Ils le sont notamment à leur entrée dans l’établissement et chaque fois qu’ils en sont extraits et y sont reconduits pour quelque cause que ce soit. Ils « doivent également faire l’objet » d’une fouille avant et après tout parloir ou visite quelconque.

Les détenus ne peuvent être fouillés que par des agents de leur sexe et dans des conditions qui, tout en garantissant l’efficacité du contrôle, préservent le respect de la dignité inhérente à la personne humaine. »

En vertu de l’article D.406 :

« (...)

L’accès au parloir implique, outre la fouille des détenus avant et après l’entretien, les mesures de contrôle jugées nécessaires à l’égard des visiteurs, pour des motifs de sécurité. »

61.  D’autres dispositions du code de procédure pénale prévoient la fouille des détenus à leur arrivée dans l’établissement (article D. 284), avant transfèrement ou extraction (article D. 294).

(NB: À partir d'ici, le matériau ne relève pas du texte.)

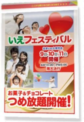 2月連休に合わせた住宅展示場の見学会案内DMでは、バレンタインに向けてチョコレート菓子の"詰め放題企画"を実施。2枚合わせになったDM上部を切り取ると手提げ型の紙袋になり、お菓子が詰め放題にできるよう設計しました。折込チラシに"詰め放題企画"を実施したことで新規見込客の多数来場に成功し、通常の同様イベントと比べ1.5倍の集客率を記録しました。(※画像)参照。
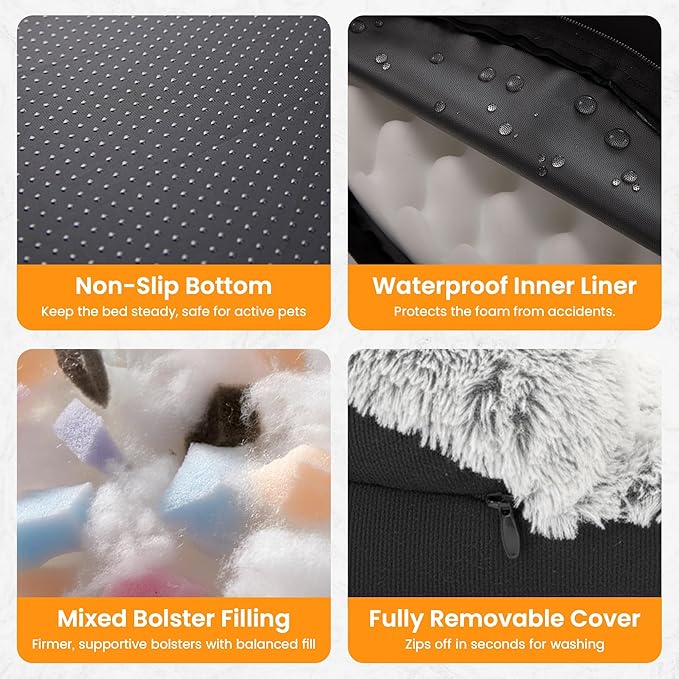 - Easy Care & Practical Details – Real life = shedding, drool, and spills. The removable, machine-washable cover plus waterproof inner liner protect the orthopedic foam; the non-slip bottom keeps the bed in place on wood or tile. Ideal for multi-dog homes and daily use.

62.  Constitue une faute disciplinaire des deuxième et troisième degrés, respectivement, le fait pour un détenu de refuser de se soumettre à une mesure de sécurité définie par les règlements et instructions de service (article D. 249-2 6o du code de procédure pénale) et le fait de refuser d’obtempérer aux injonctions des membres du personnel de l’établissement (article D. 249-3 4o du code de procédure pénale).

63.  L’article D. 283-5 du code de procédure pénale prévoit que le personnel de l’administration pénitentiaire ne doit utiliser la force envers les détenus qu’en cas de légitime défense, de tentative d’évasion ou de résistance par la violence ou par l’inertie physique aux ordres donnés et que lorsqu’il y recourt, il ne peut le faire qu’en se limitant à ce qui est strictement nécessaire.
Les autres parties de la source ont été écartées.